State Route 657 in Fairfax County, Virginia is a secondary state highway which traverses the western portion of the county. It runs 8.4 miles from SR 28 near the boundary between Centreville and Chantilly to SR 228 at the town limits of Herndon.

Route description
SR 657 uses two different names: Walney Road and Centreville Road.

Walney Road

The southern terminus of SR 657 is at SR 28 (Sully Road), just north of Interstate 66.  The terminus is a Right-in/right-out intersection that only allows traffic from and to northbound SR 28.  Walney Road is a two-lane undivided road for most of its length, widening to a four-lane divided highway about 0.3 miles south of US 50.
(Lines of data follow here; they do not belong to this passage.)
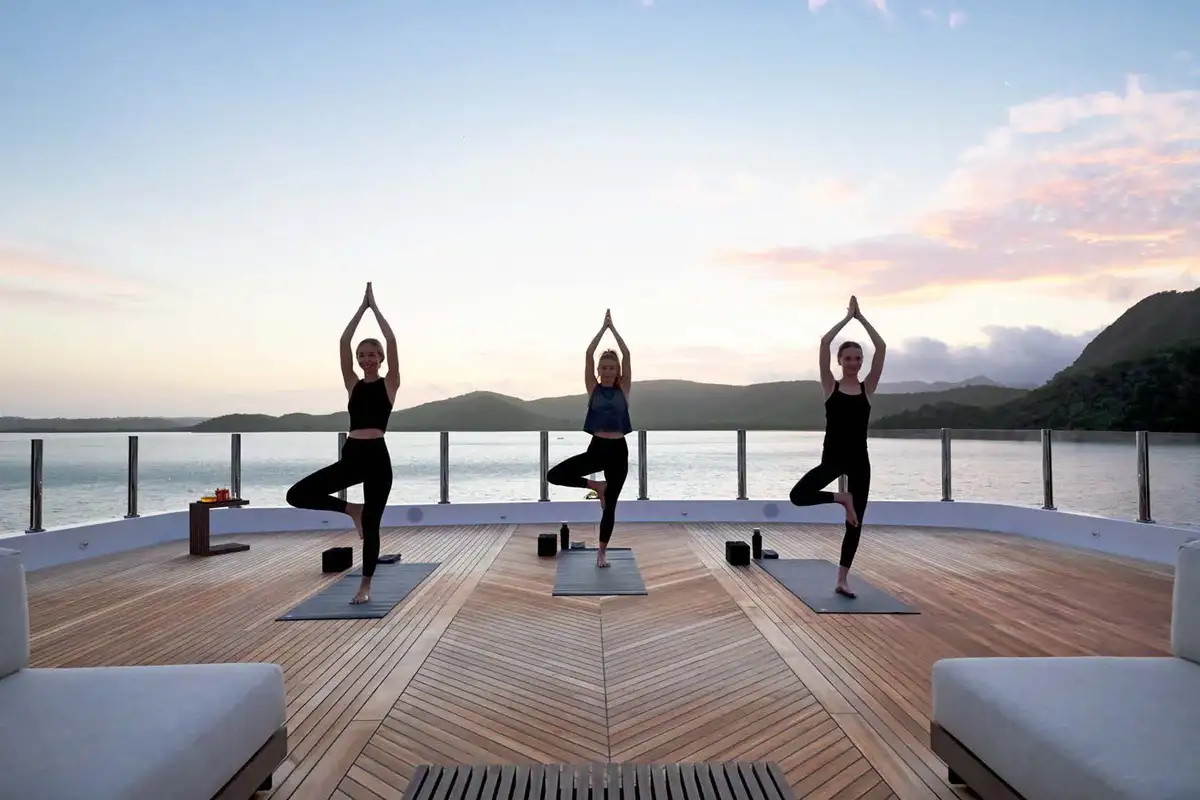 For lunch, you have a range of options. As well as the sundeck, there is a second outside dining option on the upper deck aft with drinks from the sky lounge bar. Perhaps you’d rather head for shore and play beach volleyball while the crew organises a beach BBQ?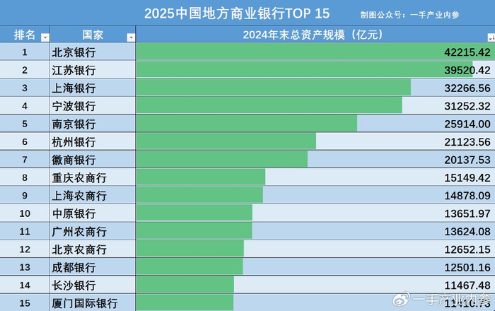 2025中国地方银行15强:江苏银行第2,徽商破2万亿,中原银行第10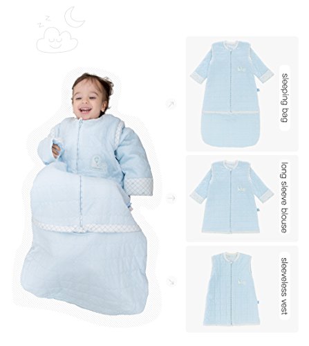 L-LIANG ベビー スリーパー 寝袋 春秋冬向け 防寒 着る布団 袖取り外しOK、新生児~3歳頃向け、多機能 ベビー寝具 赤ちゃん 出産祝い ギフト (ブルー, M)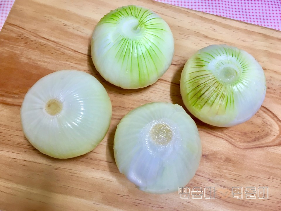 양파 4개를 껍질을 벗기고,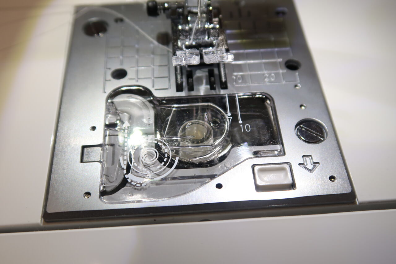 抑えと下糸周りです。針に糸通しがついていて、糸通しの面倒がありません。下糸のセットはちょっとだけ「これでいいの?」という感じの軽さがあります。慣れると問題ないです。

The southern section of Walney Road passes through Ellanor C. Lawrence Park.  North of the park, Walney Road tends to divide business parks from residential areas before ending in the traditional center of Chantilly at US 50.

Centreville Road

North of US 50, SR 657 becomes Centreville Road, a divided highway, mostly four lanes wide except at its northern end.  There are commercial districts at the southern and northern ends; otherwise most of Centreville Road also divides business parks from residential areas.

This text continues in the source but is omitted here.